## WHAT YOU SHOULD DO:
Nothing but the pictures may be dropped; the rest of the listing is to be written out exactly.

## PROVIDED DATA:

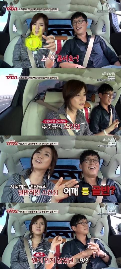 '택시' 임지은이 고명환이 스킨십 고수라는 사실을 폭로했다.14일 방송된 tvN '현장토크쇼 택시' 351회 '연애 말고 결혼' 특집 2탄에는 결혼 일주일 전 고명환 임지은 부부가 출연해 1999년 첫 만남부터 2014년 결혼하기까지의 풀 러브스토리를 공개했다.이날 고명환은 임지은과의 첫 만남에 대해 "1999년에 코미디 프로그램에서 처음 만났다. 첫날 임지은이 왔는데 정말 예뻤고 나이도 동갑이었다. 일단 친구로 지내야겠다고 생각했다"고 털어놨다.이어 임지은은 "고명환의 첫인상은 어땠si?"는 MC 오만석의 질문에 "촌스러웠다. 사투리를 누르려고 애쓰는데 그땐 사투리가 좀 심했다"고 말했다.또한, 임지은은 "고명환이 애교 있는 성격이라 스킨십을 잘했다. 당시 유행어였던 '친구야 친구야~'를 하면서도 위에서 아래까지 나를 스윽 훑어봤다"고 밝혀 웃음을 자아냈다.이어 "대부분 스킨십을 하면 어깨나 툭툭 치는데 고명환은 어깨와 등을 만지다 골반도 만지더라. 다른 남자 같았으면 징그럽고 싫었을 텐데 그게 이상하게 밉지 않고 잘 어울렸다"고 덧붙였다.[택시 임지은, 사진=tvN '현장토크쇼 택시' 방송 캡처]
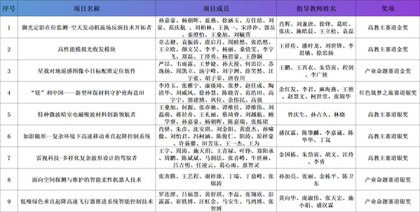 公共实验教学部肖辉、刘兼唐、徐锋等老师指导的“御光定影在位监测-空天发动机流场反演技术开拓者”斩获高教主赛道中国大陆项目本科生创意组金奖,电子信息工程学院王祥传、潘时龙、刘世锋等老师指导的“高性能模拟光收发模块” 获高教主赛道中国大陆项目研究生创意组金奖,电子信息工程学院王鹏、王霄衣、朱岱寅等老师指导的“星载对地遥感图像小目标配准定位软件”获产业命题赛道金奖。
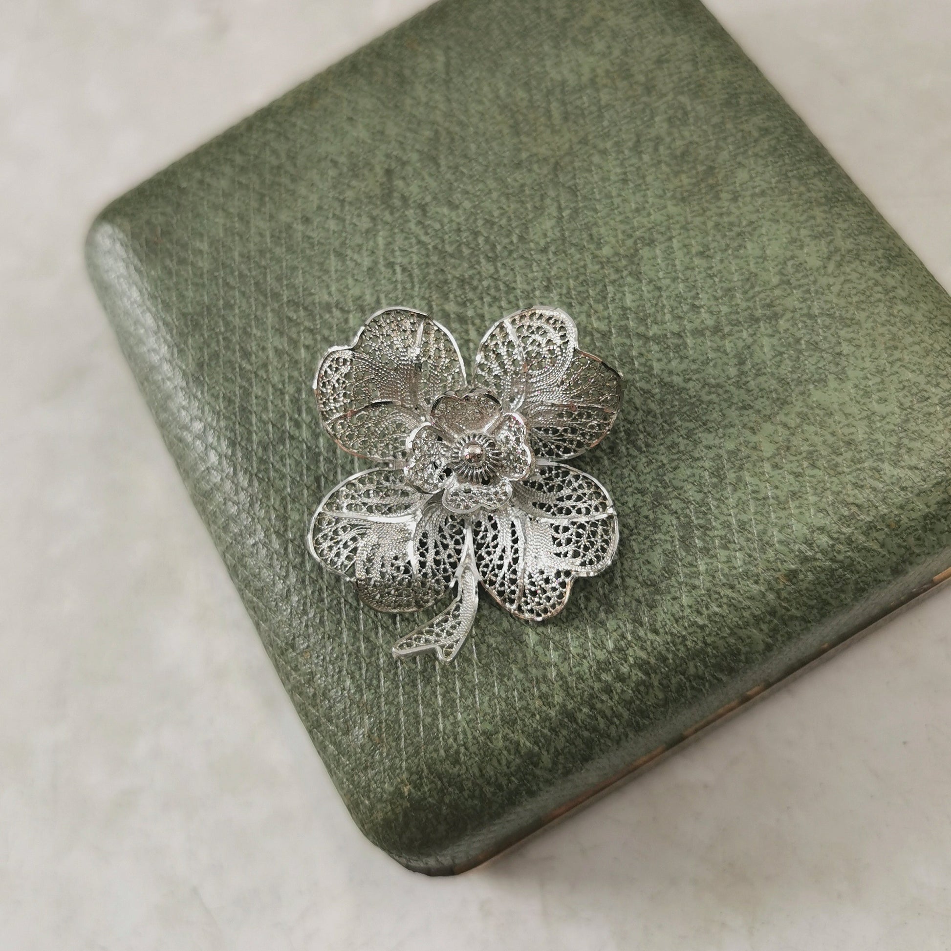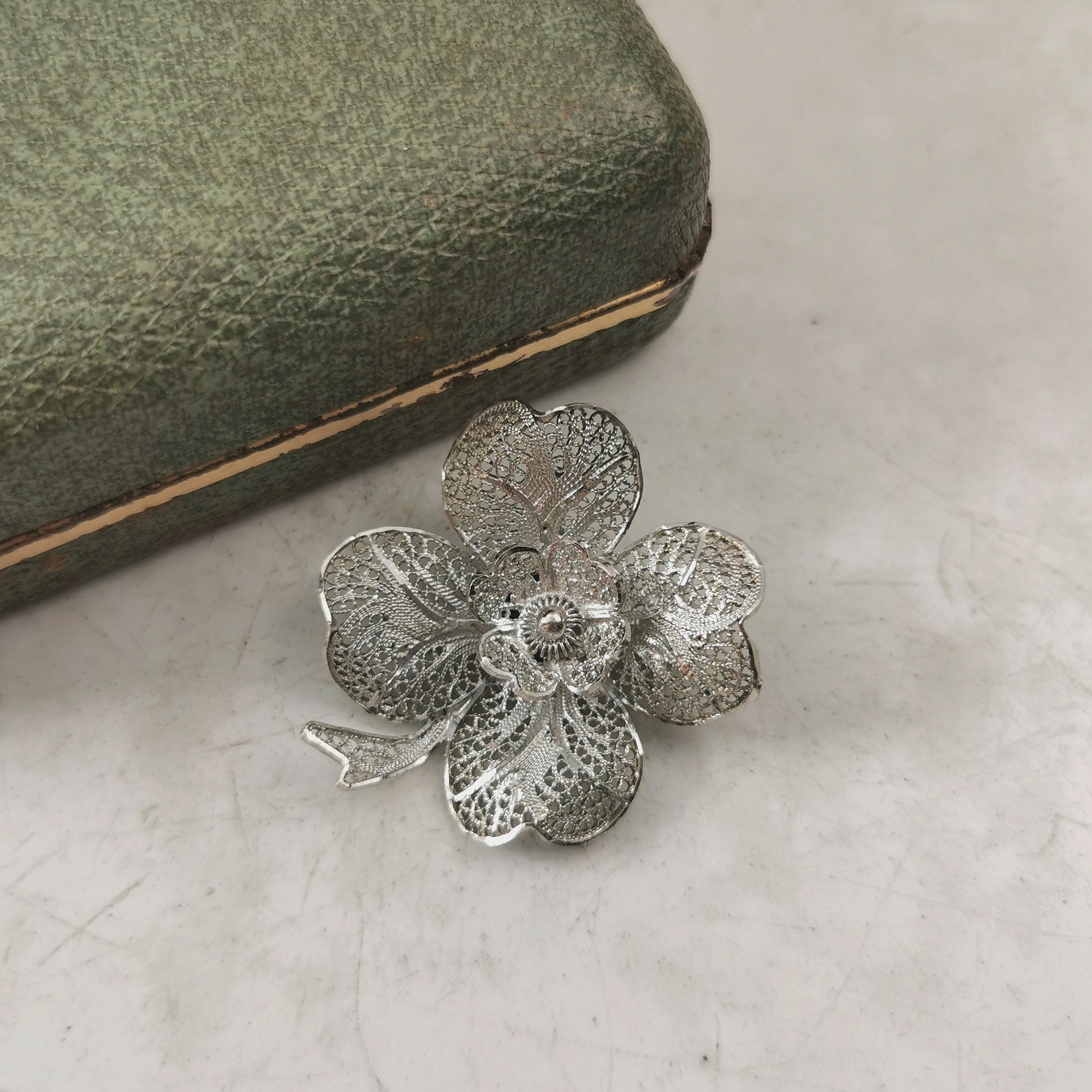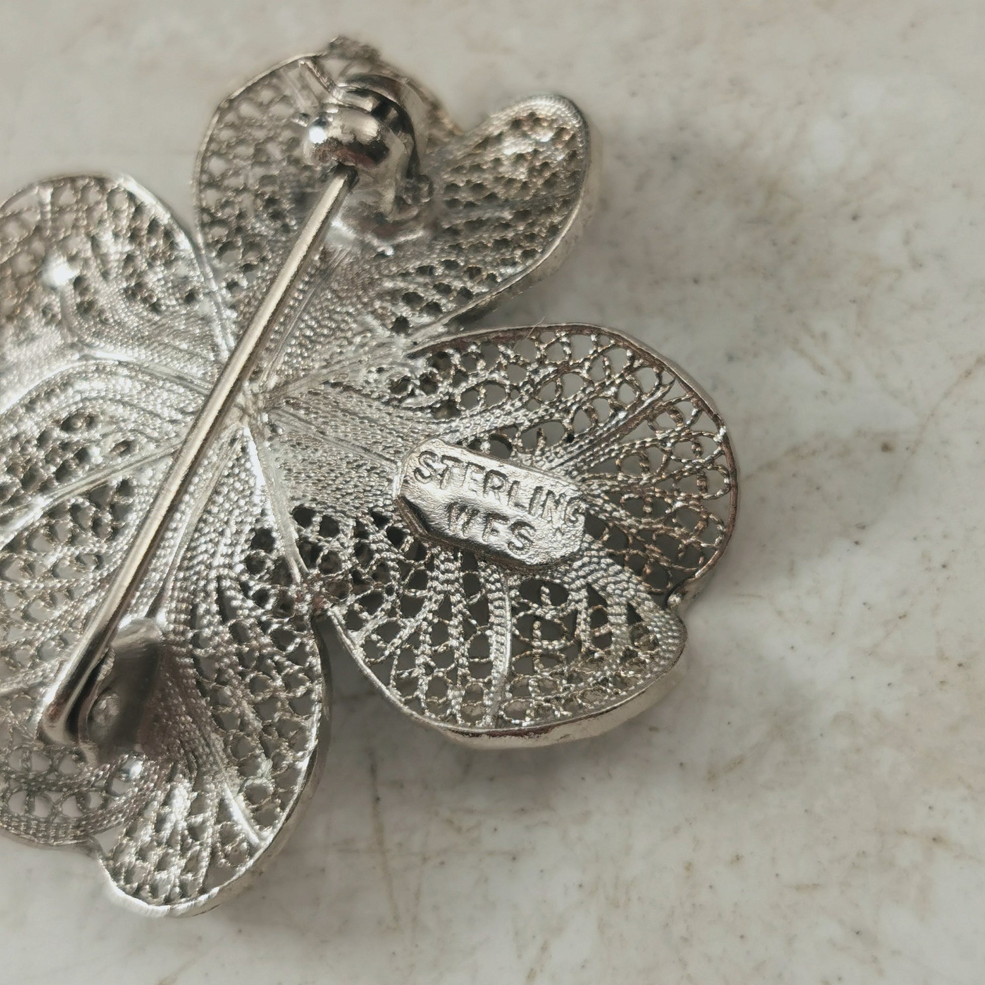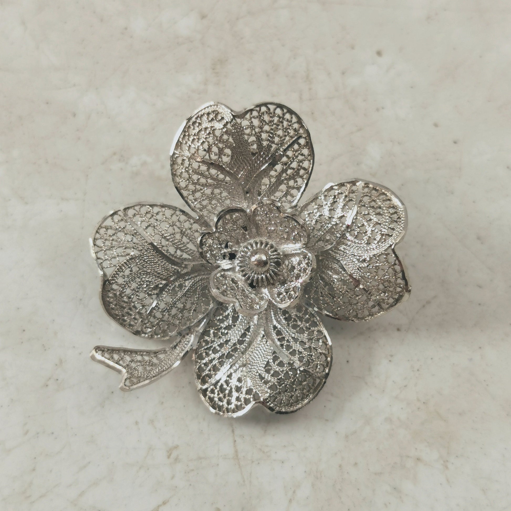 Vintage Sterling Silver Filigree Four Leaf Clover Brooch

## RESULT:
 '택시' 임지은이 고명환이 스킨십 고수라는 사실을 폭로했다.14일 방송된 tvN '현장토크쇼 택시' 351회 '연애 말고 결혼' 특집 2탄에는 결혼 일주일 전 고명환 임지은 부부가 출연해 1999년 첫 만남부터 2014년 결혼하기까지의 풀 러브스토리를 공개했다.이날 고명환은 임지은과의 첫 만남에 대해 "1999년에 코미디 프로그램에서 처음 만났다. 첫날 임지은이 왔는데 정말 예뻤고 나이도 동갑이었다. 일단 친구로 지내야겠다고 생각했다"고 털어놨다.이어 임지은은 "고명환의 첫인상은 어땠si?"는 MC 오만석의 질문에 "촌스러웠다. 사투리를 누르려고 애쓰는데 그땐 사투리가 좀 심했다"고 말했다.또한, 임지은은 "고명환이 애교 있는 성격이라 스킨십을 잘했다. 당시 유행어였던 '친구야 친구야~'를 하면서도 위에서 아래까지 나를 스윽 훑어봤다"고 밝혀 웃음을 자아냈다.이어 "대부분 스킨십을 하면 어깨나 툭툭 치는데 고명환은 어깨와 등을 만지다 골반도 만지더라. 다른 남자 같았으면 징그럽고 싫었을 텐데 그게 이상하게 밉지 않고 잘 어울렸다"고 덧붙였다.[택시 임지은, 사진=tvN '현장토크쇼 택시' 방송 캡처]
 公共实验教学部肖辉、刘兼唐、徐锋等老师指导的“御光定影在位监测-空天发动机流场反演技术开拓者”斩获高教主赛道中国大陆项目本科生创意组金奖,电子信息工程学院王祥传、潘时龙、刘世锋等老师指导的“高性能模拟光收发模块” 获高教主赛道中国大陆项目研究生创意组金奖,电子信息工程学院王鹏、王霄衣、朱岱寅等老师指导的“星载对地遥感图像小目标配准定位软件”获产业命题赛道金奖。
 Vintage Sterling Silver Filigree Four Leaf Clover Brooch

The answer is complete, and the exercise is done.